Paul took Robert Wagner as a lover sometime in the early 1960s, after Wagner was dumped by his wife Natalie Wood. In turn, Newman dumped “Babs” (Wagner’s nickname given to him by the denizens of the New York transvestite demimonde he loved to flock with) in the late ’60s, after New Blue Eyes became the top box office star in America (1968-70, ranking #1 twice). His disdain for Babs’ TV career bled over into Newman’s relations with rival (on the queen scene) James Garner….
….Steve McQueen dropped out of The Sundance Kid & Butch Cassidy over the rumors about his own sexuality. (The Sundance Kid & Butch Cassidy was the original working title of the 1969 megahit. Newman — who owned the property — originally was slated to play Sundance, but after McQueen dropped out and Marlon Brando refused the role, he took the role of Butch.
The name “Butch” has hyper-masculine connotations, so Newman might have switched roles as a joke, as the movie was written as a straight Western. Without warning, Newman changed it into a comedy, through his performance on the first say of shooting, according to director George Roy Hill. ) McQueen was afraid of being associated with the closet queen Newman, even if he was allowed to play “Butch,” as he had supported himself as a call-boy in his early days as an actor in New York and Hollywood, where he was warily jealous of the openly bisexual James Dean, just as later, in 1960s Hollywood, he would be jealous of Newman. (McQueen was the son of a 16-year old prostitute, so whoring came natural to him.) As his first wife said in her autobiography, McQueen admitted he was leaving her to prove his manhood to those in Hollywood who thought he was a sissy, by taking other, younger women…

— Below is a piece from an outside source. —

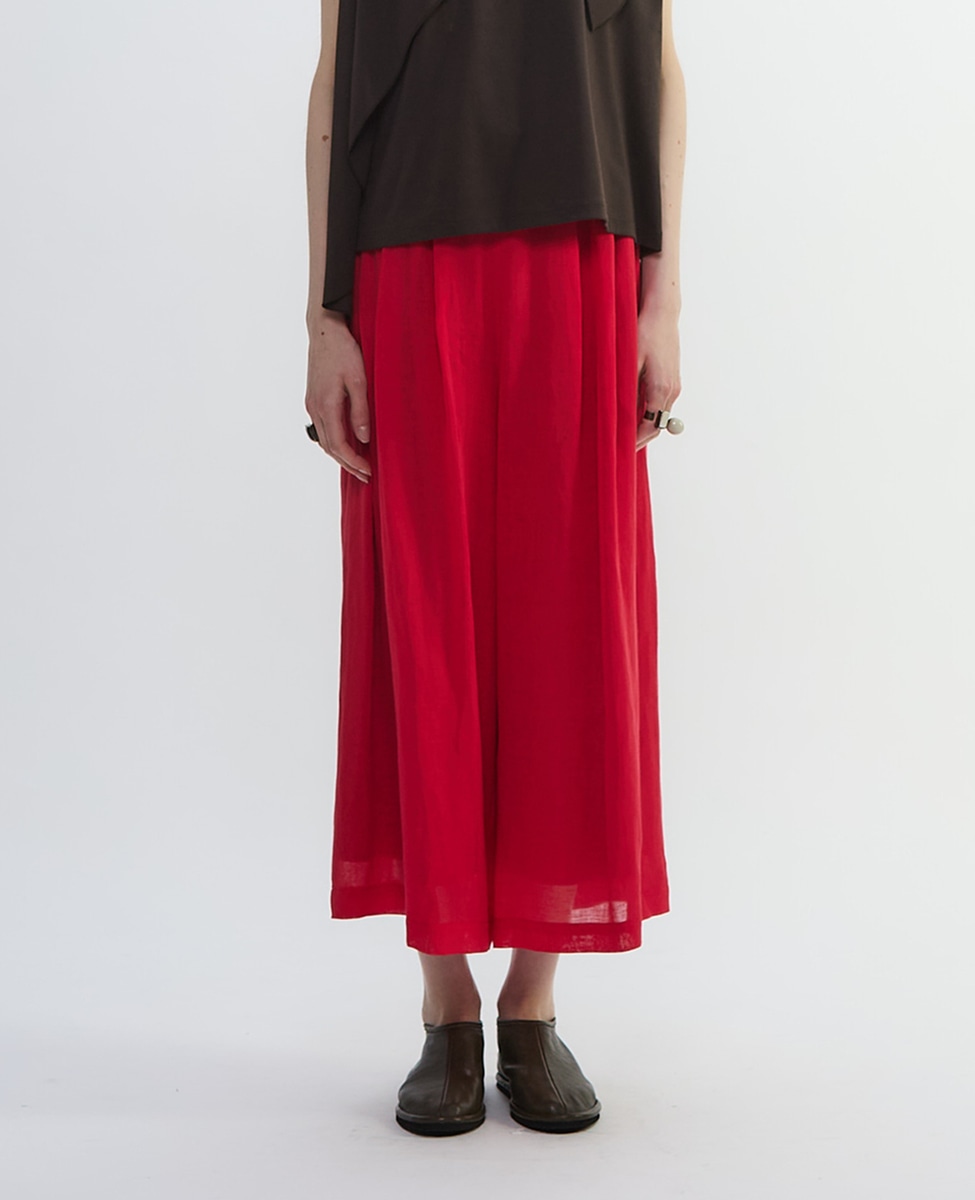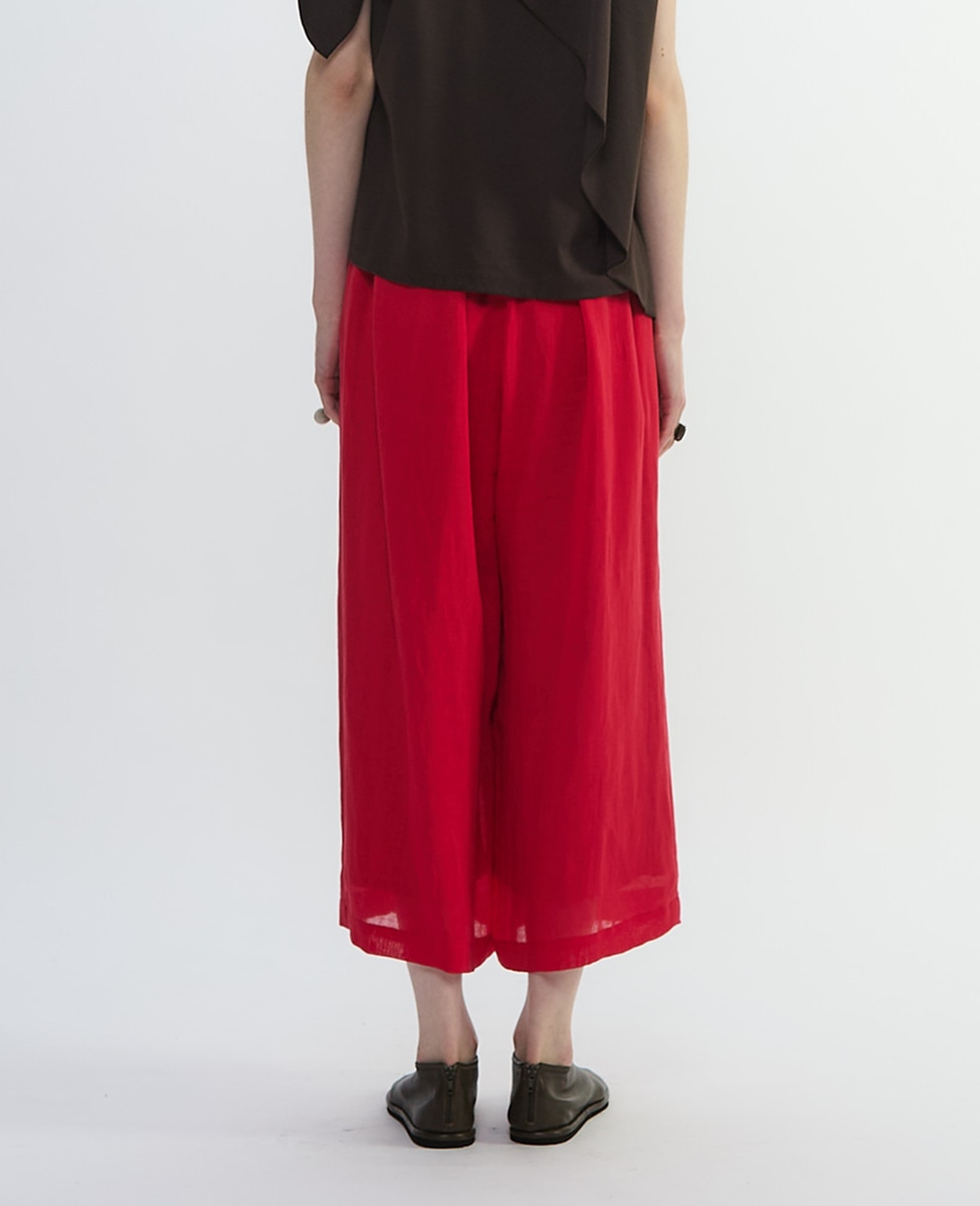 タックディテールのワイドクロップパンツ。リネンコットンのガーゼ素材。コットンローンの裏地が付き肌触りにもこだわりました。ウエストはゴム仕様で簡単に着脱可能です。02レッドは、プレインピープルオリジナルカラー
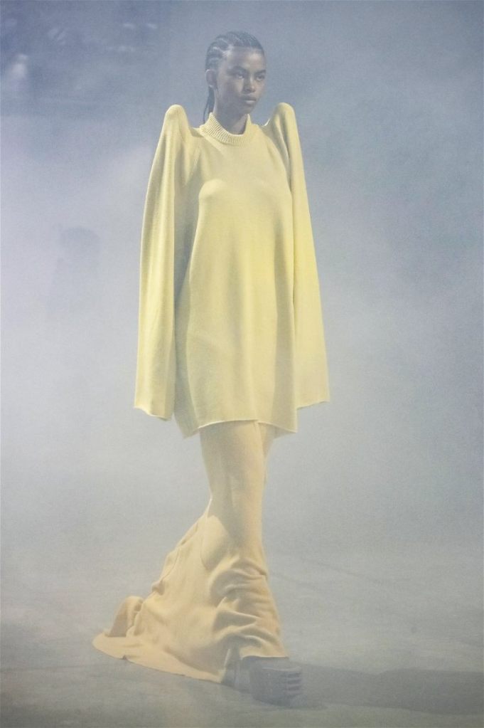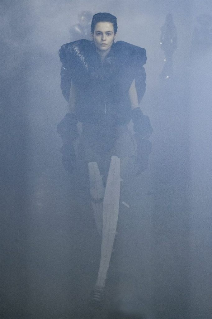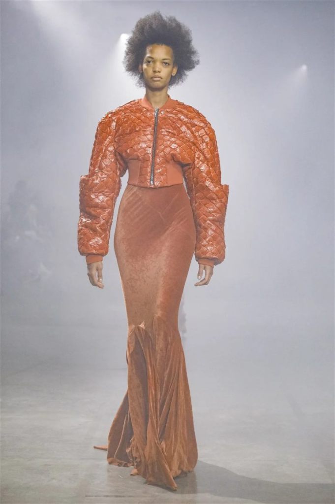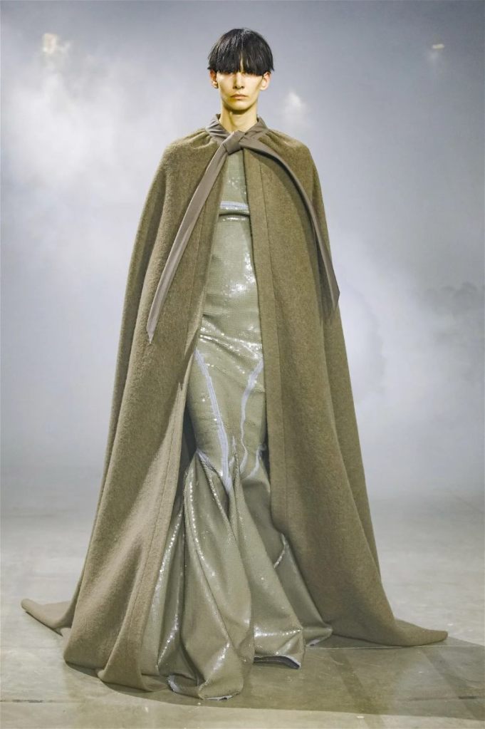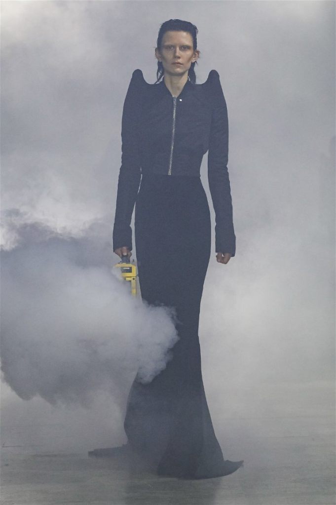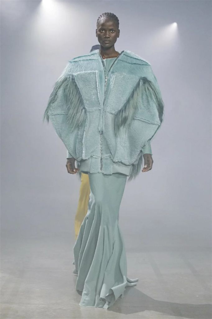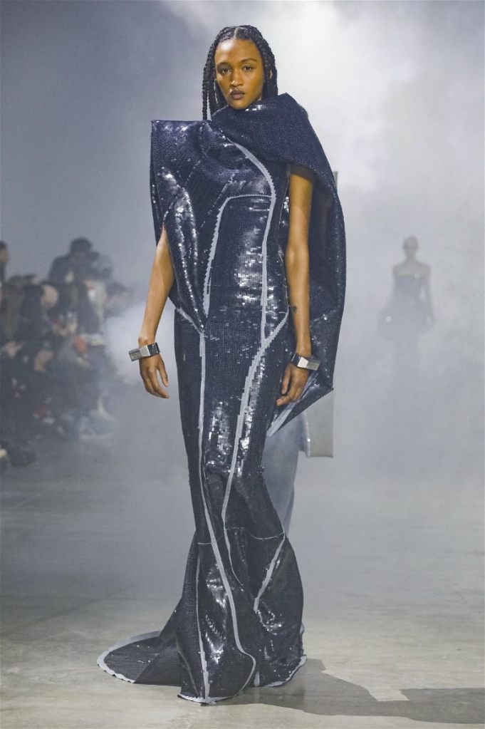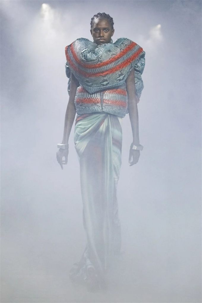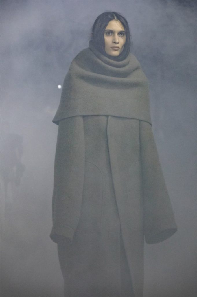 Goth gowns that were elegant, sequins that were not shiny, and colors were not black; a lot is happening in this collection. Anything can happen at Rick Owens something pretty cool did. Sculptural denim and puffer jackets were the biggest takeaway from this collection along with the bias-cut long skirts. The outerwear was simply magnificent; from dramatic capes to structured coats. The models were not just carrying fog machines but a reference to his catholic roots (thurible – an incense burner for religious services). The collection is a master class in restrained drama and glam.

…Robert Redford (a.k.a. “Butch” to the Newman crowd, a kind of in-joke) never made a sequel to his two blockbusters with Newman (Butch Cassidy and the Sundance Kid and The Sting, both among the most popular movies ever made) not necessarily out of disgust with his on-screen pal’s sexual shenanigans (which were winding down at that point anyways), but to protect his standing as primo box office star (#1 three times in mid-1970s).